Friday, January 15, 2010

Setbacks

It never fails. Whenever I think that my life is starting to get a bit sunnier, life throws a monkeywrench at my head. I must have been a serial (cereal) killer in a past life.

This week started off great. I started taking a tax class so I can prepare taxes, and maybe make a little extra moolah. I actually liked it. Then, on Tuesday, I had an appointment with my doctor to go over the progress I was making on the secret plan and to see about moving things forward. I've been working really hard, so I figured this one would be more or less a session of "You're doing good work, here's what you should do now." The nurse is super proud of me... brags on me to all the office staff... I'm actually kinda believing I did a good job. Until she takes my blood pressure.

This can't be right. My blood pressure is UP? She waits 10 minutes and takes it again. Down from the original, but still up. Scarily up. When a person loses 8% of their body weight, their blood pressure just DOESN'T go up. It almost always goes down.

She tells me not to worry, they'll check it again before I leave. It's going down, so maybe I just have "white coat syndrome." Yeah right.

The doc comes in and tells me I'm doing a good job, but the BP is definitely an issue. Great. Moving forward on the secret plan immediately comes off the table. "We'll revisit that, but first we have to figure out what's up with the blood pressure." Of course. It's not your secret plan. You're not the one in limbo. Let's play with BP meds for six months while we wait, shall we?

So, I'm starting to really think the day is going to go into the crapper. As he listens to my heart- I see the same look on his face that I got when that radiology tech found the cancerous tumor on my ovary way back when. Why don't healthcare professionals get taught to have a pokerface about this shit? Apparently my heartbeat is a bit irregular too.

So here's where I am. Had the EKG on my heart yesterday. Waiting to hear the results. They should come today. Step 2 of the secret plan is postponed until June at the earliest.
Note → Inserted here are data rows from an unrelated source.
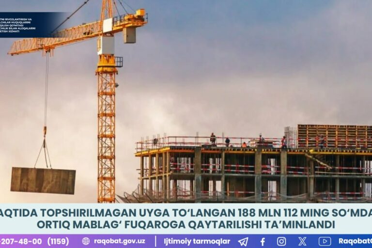 Apr42024 VAQTIDA TOPSHIRILMAGAN UYGA TO‘LANGAN 188 MLN 112 MING SO‘MDAN ORTIQ MABLAG‘ FUQAROGA QAYTARILISHI TA’MINLANDI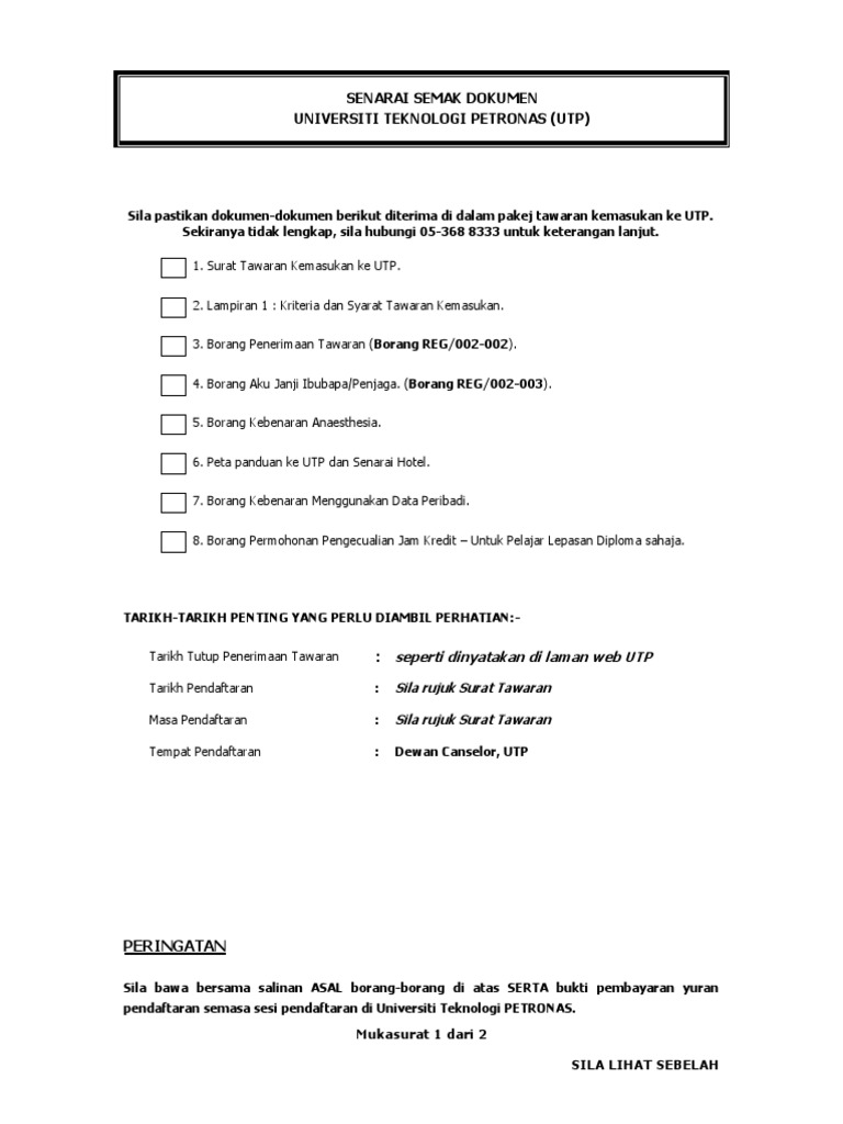Syarat Kemasukan Ke Universiti Teknologi Petronas Surat Rasmi Z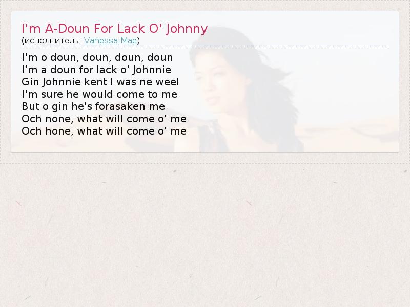 А как ты думаешь, о чем песня "I'm A-Doun For Lack O' Johnny" ?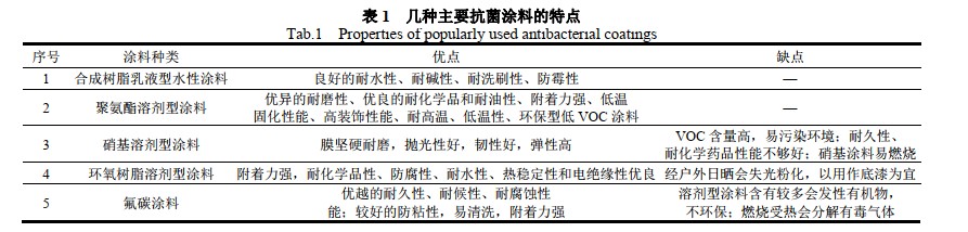 根據 GB/T2705-2003《涂料產品的分類、命名和型號》,以涂料產品的用途為主線,并輔以主要成膜物的分類方法,將涂料產品可劃分為三個主要類別:建筑涂料、工業涂料和通用涂料及輔助材料。建筑涂料主要包括墻面涂料、防水涂料、地坪涂料和功能性建筑涂料;工業涂料主要包括汽車涂料、木器涂料、鐵路公路涂料、輕工涂料、船舶涂料、防腐涂料和其他專用涂料。按照涂料用途來分,根據 GB/T 21866-2008,抗菌涂料主要是建筑用抗菌涂料和木器用抗菌涂料。按照涂料合成抗菌涂料分水性抗菌涂料和溶劑型抗菌涂料,主要品種有合成樹脂乳液型水性涂料、聚氨酯溶劑型涂料、硝基溶劑型涂料、環氧樹脂溶劑型涂料、氟碳涂料等。最新的還有一類負離子抗菌涂料,將負離子添加到涂料的顏料晶體中,產生大量的負離子,達到消毒和滅菌的目的。各類抗菌涂料主要特點見表1。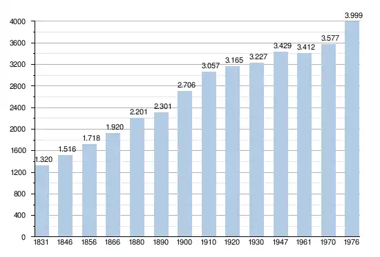 - Bronnen:NIS, Opm:1831 tot en met 1970=volkstellingen; 1976 = inwoneraantal op 31 december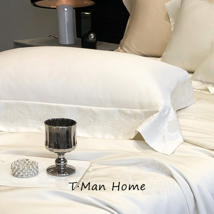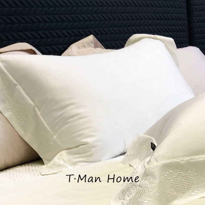歐式100支天絲棉枕套一對鏤空奶白色夏季枕頭套子涼感萊賽爾單人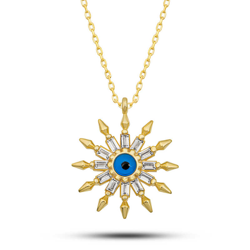 Gümüş Gold Koruyucu Göz Güneş Kadın Kolye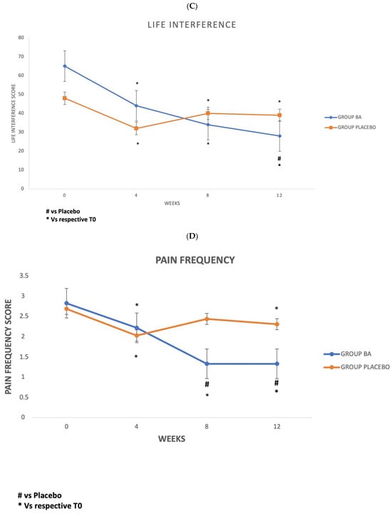 (A) IBS-Symptom Severity Scale (IBS-SSS) trend in BA and placebo group, (B) Pain Intensity Score (PIS) trend in BA and placebo group, (C) Life Interference Score (LIS) trend in BA and placebo group, (D) Pain Frequency Score (PFS) trend in BA and placebo group.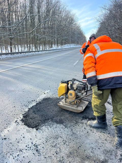 Попри мінусові температури та складні погодні умови дорожники проводять роботи з ліквідації аварійної ямковості на дорожньому покритті. Виконання таких робіт необхідне для забезпечення безперебійного руху та запобігання подальшого руйнування покриття.
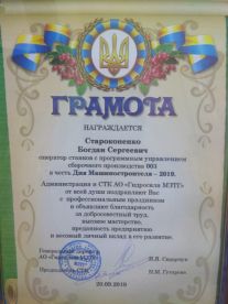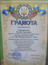 Стипендіат стипендії імені Дмитра Моторного у І семестрі 2019-2020 навчального року |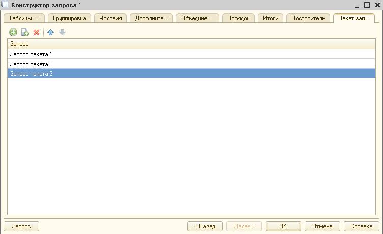 Пакет запросов требуется пользователю в тех случаях, когда появляется необходимость в получении нескольких выборок данных за одно обращение к базе или во время работы с временными таблицами. Это особенный вид таблиц с информацией, которые конструируются 1С в период выполнения запроса. В случае их использования они станут доступными в будущих обращениях в дереве конфигурации в первом разделе конструктора.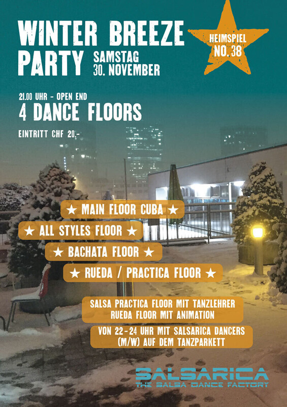 Heimspiel No. 38 - Winter Breeze Erlebe den Winter Breeze auf unseren 4 Dancefloors und tanze die Kälte weg! - Samstag 30. November 24 - Ab 21:00 Uhr - Open End - Eintritt: CHF 20.- Line up: - Main Floor Cuba DJ Manuel (ab 21 Uhr) - Salsa All Style Floor DJ Giovanni (ab 22 Uhr) - Bachata Floor DJ Desea (ab 22 Uhr) - Kizomba Floor DJ Nandes (ab 23 Uhr) Zusätzlich für euch im Programm: - 21 - 22 Uhr SalsaPractica - 22 - 23 Uhr Rueda de Casino Floor mit Animation Unsere SalsaRica Dancers sind von 22 bis 24 Uhr im Main Floor für euch am Start. Sie tragen rote SalsaRica T-Shirts, einfach schnappen und tanzen:) Schüler der Kursperiode, in der das jeweilige Heimspiel stattfindet, erhalten beim Bezahlen des Kurses einen Gutschein, mit dem sie für 5.- (anstatt 20.-) ans Heimspiel können. Pro Jahr planen wir immer 4 Heimspiele, die man auf keinen Fall verpassen sollte. https://www.salsarica.ch/.../heimspiele-by-salsarica.html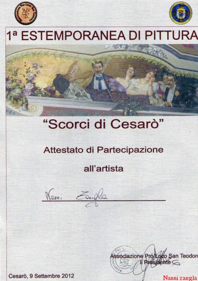 Partecipazione alla collettiva con tre opere; giornata bellissima, esperienza estemporanea da urlo, esito estemporanea il 16/09/2012.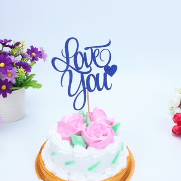 Giới thiệu Sỉ 10 topper giấy nhũ chữ Love You cắm bánh sinh nhật, giấy nhũ trang trí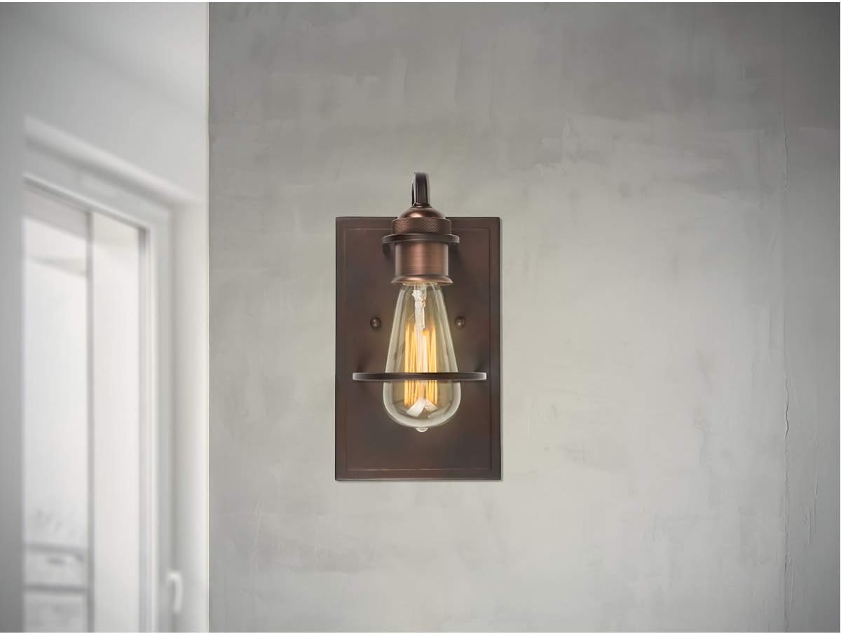 Collection: Hoops, Material: Steel, Finish Color: Antique Bronze, Width: 5.5", Height: 10", Depth: 5", Backplate Width: 5.5", Backplate Length: 8.75", Lamping Type: Incandescent, Number Of Bulbs: 1, Wattage: 100 Watts, Moisture Rating: Dry Rated, Desc: Mounting Direction: Up or Down / Back Plate Height: 8.75 / Back Plate Width: 5.50. ,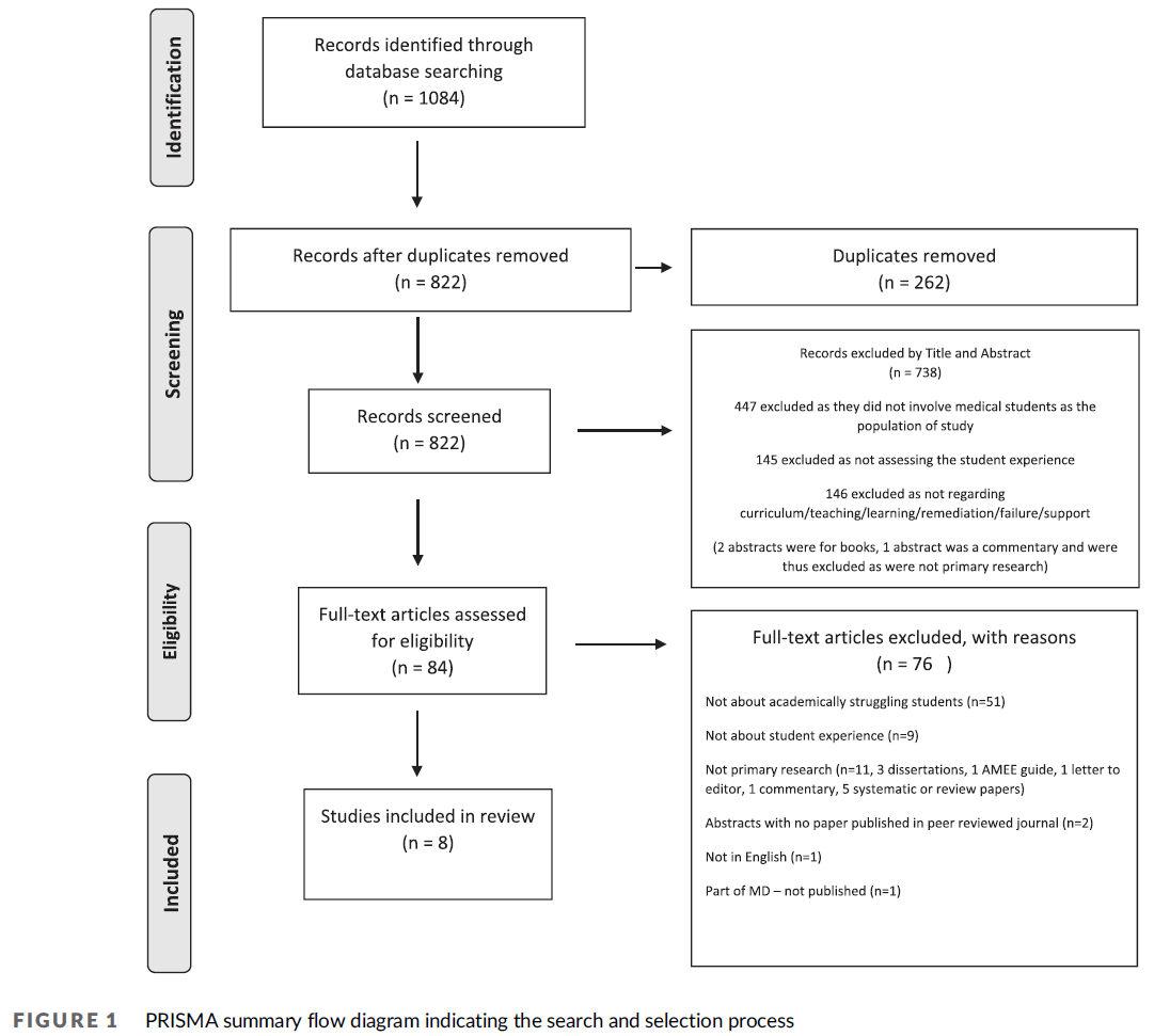 Identifying relevant research: Table 1 lists the terms used for searches of MEDLINE, EMBASE, PsycInfo, Web of Science, British Education Index and ERIC databases on 15/12/2019 and re-run on 27/08/2020. - 스터디 선택: 처음 두 저자는 박스 1에 요약된 세 가지 기준을 사용하여 독립적으로 기사를 심사했다. 첫 번째 기준(관심인구)의 활용은 제목심사에서 모든 학생에서 추상심사에서 의대생으로 점차 좁혀졌고, 최종적으로 전체 본문심사에서 학업적으로 어려움을 겪는 학생으로 확대되어 관련 논문이 조기에 간과되는 일이 없도록 하였다. 제목 검토 결과 484개 기사가 빠졌고, 추상심사에서는 200개 논문이 추가로 빠져 84개 논문이 전문심사 대상으로 남게 됐다. 검토 대상에 포함된 7개 논문에 대한 합의가 이뤄졌다. 제3저자는 합의가 이뤄지지 않은 논문 4편을 검토했다. 이 중 1건이 기준을 충족해 8건이 검토 대상에 포함됐다. 연구 품질은 혼합 방법 평가 도구를 사용하여 평가되었다. 검토자 DK와 GW 사이에 8개 연구 모두에 대한 합의가 있었다. 6개는 양질의 연구로 간주되었고, 54-59는 낮은 연구였다. 60, 61

Scared to death? Yessir. That's me right now.

Thursday, January 7, 2010

New Years Resolutions

I've got a few.

I'm not normally the resolution making type, but this year I figured I'd give it a go. So maybe I'll have the goal in print and have some type of motivation to stick with it. Holding myself accountable and all that jazz. So here goes:

Resolution #1- Blog here at least once a week.
I know that sounds too simple, but look back at my previous posts. Last one was in September. FREAKING SEPTEMBER! I didn't forget. I didn't hide in a cave. I just neglected the blog. I did things. I did fun things. Things I'd have enjoyed sharing. Oh well. Life goes on. But hopefully this year I'll write more about it. Did I ever mention that I used to write a lot?

Resolution #2- Continue with the Secret Plan.
I've done pretty well on the Secret Plan stuff. Going Tuesday for a "big talk." That means I will either get some vindication for what I've been doing the last 15 weeks or I'll get a new direction. Either way, I'll come out of this a better, happier person. Trust me, you all want that for me.

Resolution #3- Send out Christmas Cards this year.
I added this one just in case I take a total crap on my life and fall flat on my face with the other two resolutions. I have 12 months to screw that one up. And I'm already halfway there. I have a bunch of Christmas cards already made up. I just got busy and didn't get them addressed or anything. I remembered that I hadn't done them on December 22nd. Too late.

So there we have it folks. Hopefully you'll hear from me again before another 3 months passes by. And if you don't... chew my ass out for it!